Cent ans plus tard, et il n’y a toujours aucun concept collectif d’une société meilleure pour les colonisés dans une Afrique avec des millions d’esprits transformés en robots commandés à distance. L’esprit ainsi transformé ne peut se frayer un chemin vers le monde idéal des rêves. Le conditionnement est destiné à limiter la possibilité d’un monde meilleur.

Le monde abstrait est d’une importance capitale pour le bien-être d’un peuple. Il leur permet d’imaginer d’autres façons de gérer leurs interactions avec la nature et les gens. Dans ce processus d’imagination, ils apprennent à s’aimer et à se respecter. Ils découvrent le but de leur vie ou plutôt le fixent ; ils théorisent des concepts à partir de l’observation ; ils se développent. L’esprit s’élargit naturellement lorsque vous le laissez faire. C’est ce développement qui est étouffé par le curriculum colonial.

C’est dans les idées apparemment abstraites du respect que se cultive le sens de la communauté et dans celles de l’amour que se construit la solidarité. Sans surprise, ce sont ces idées que l’éducation coloniale s’évertue à rendre “inutiles” parce qu’elles n’ont aucun lien avec le travail et le marché.

Le désordre sur notre continent persiste aussi parce que l’éducation colonial s’oppose à l’aiguisement constant de l’esprit – autour d’idées abstraites du bien et du mal – qui permet la découverte des voies de l’ordre. Dans la société africaine, ces idées sont transmises d’une génération à l’autre à travers un conte, un mythe, une légende, ou un proverbe. Ce n’étaient pas seulement des histoires qu’on racontait aux enfants ; c’étaient des approches pour éveiller et aiguiser l’esprit. Elles façonnaient l’esprit des jeunes gens pour qu’ils honorent, aiment et soignent les aînés, et pour qu’ils défendent jusqu’à la mort ce qui est partagé par la communauté.

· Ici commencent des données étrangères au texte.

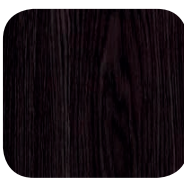
◆ *Burnt Oak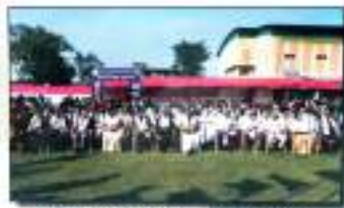
A section of the audience during Flag Hoisting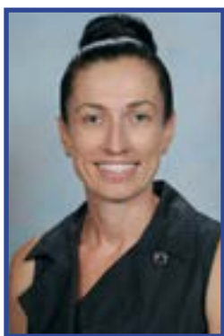
Mrs Spadina Head Teacher PDHPE

Don't forget PE uniform is compulsory for all practical lessons. This includes joggers (no canvas shoes), MHS blue PE shorts, MHS white PE shirt and the MHS hat. With the hot weather around we strongly suggest students also bring out a water bottle to each lesson.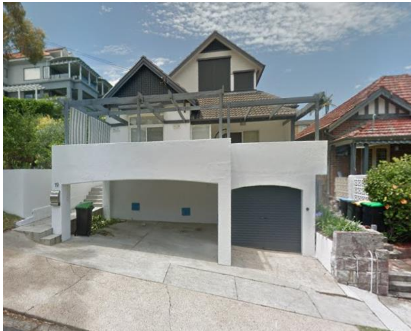
View of Subject Site from Street

The existing surrounding development comprises a mix of single detached dwellings, semi attached dwellings and multi dwelling housing comprising of 1, 2 and three storeys. The existing surrounding development is depicted in the following aerial photograph: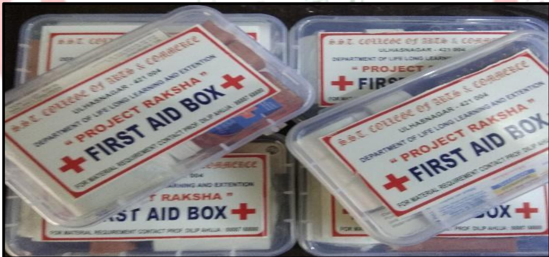
First Aid Boxes distributed at Project Raksha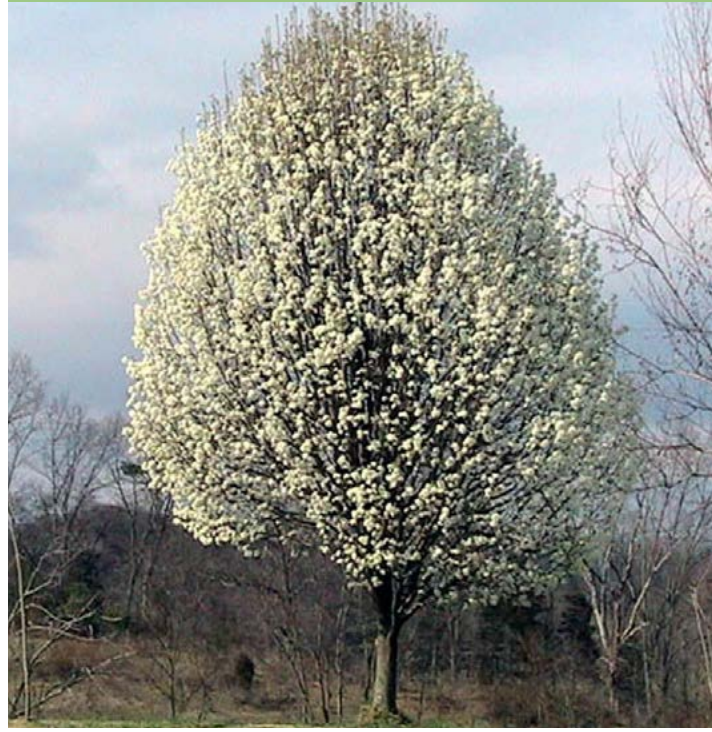
Pyrus calleryana Callery Pear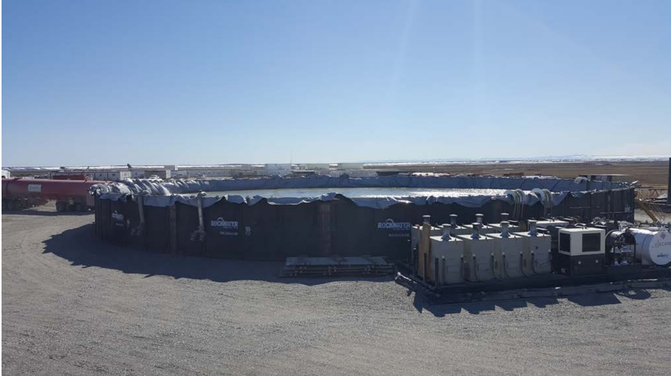
Fig.1 Stimulation Water Reservoir on Location at Franklin Bluffs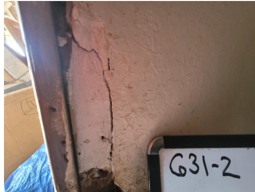
631-2 Drywall Typical Interior Walls/Ceilings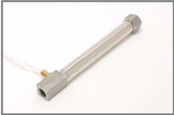
Shown with optional inlet & exhaust fittings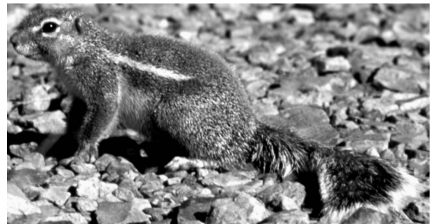
FIG. 1. Adult Xerus princeps from Namibia.

ONTOGENY AND REPRODUCTION. No juveniles (<8 weeks of age) have been observed during summer (November–January—Herzig-Straschil and Herzig 1989). Gestation is ca. 42–49 days and litter size is 1–3 (Herzig-Straschil and Herzig 1989). Eyes open within 21 days of birth (Herzig-Straschil and Herzig 1989).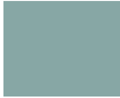
Sea Mist M1030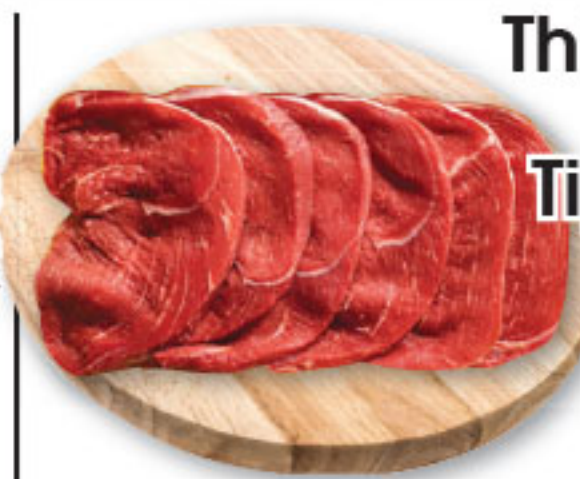
Thin Sliced Sirloin Tip Steaks Fresh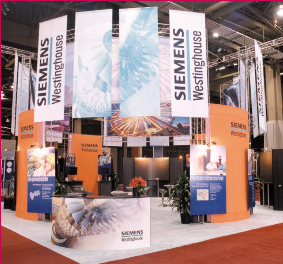
Massive SkyTruss structure brings the company name into view from afar with fabric banners. Vibrant fabric graphics define space and add mass. Workstations provide area for presentations.

Dans une société saine, les sciences et les arts sont inextricablement liés : les arts conçoivent l’idéal en repoussant les limites du possible tandis que les sciences naturelles tentent de mettre l’idéal en œuvre. Cependant, lorsque les sciences et les arts sont conçus dans l’optique du travail, aucun d’entre eux n’est capable de s’attaquer aux maux les plus profonds de la société en raison de l’absence de la conscience requise pour guérir le corps (sciences) et l’âme (arts).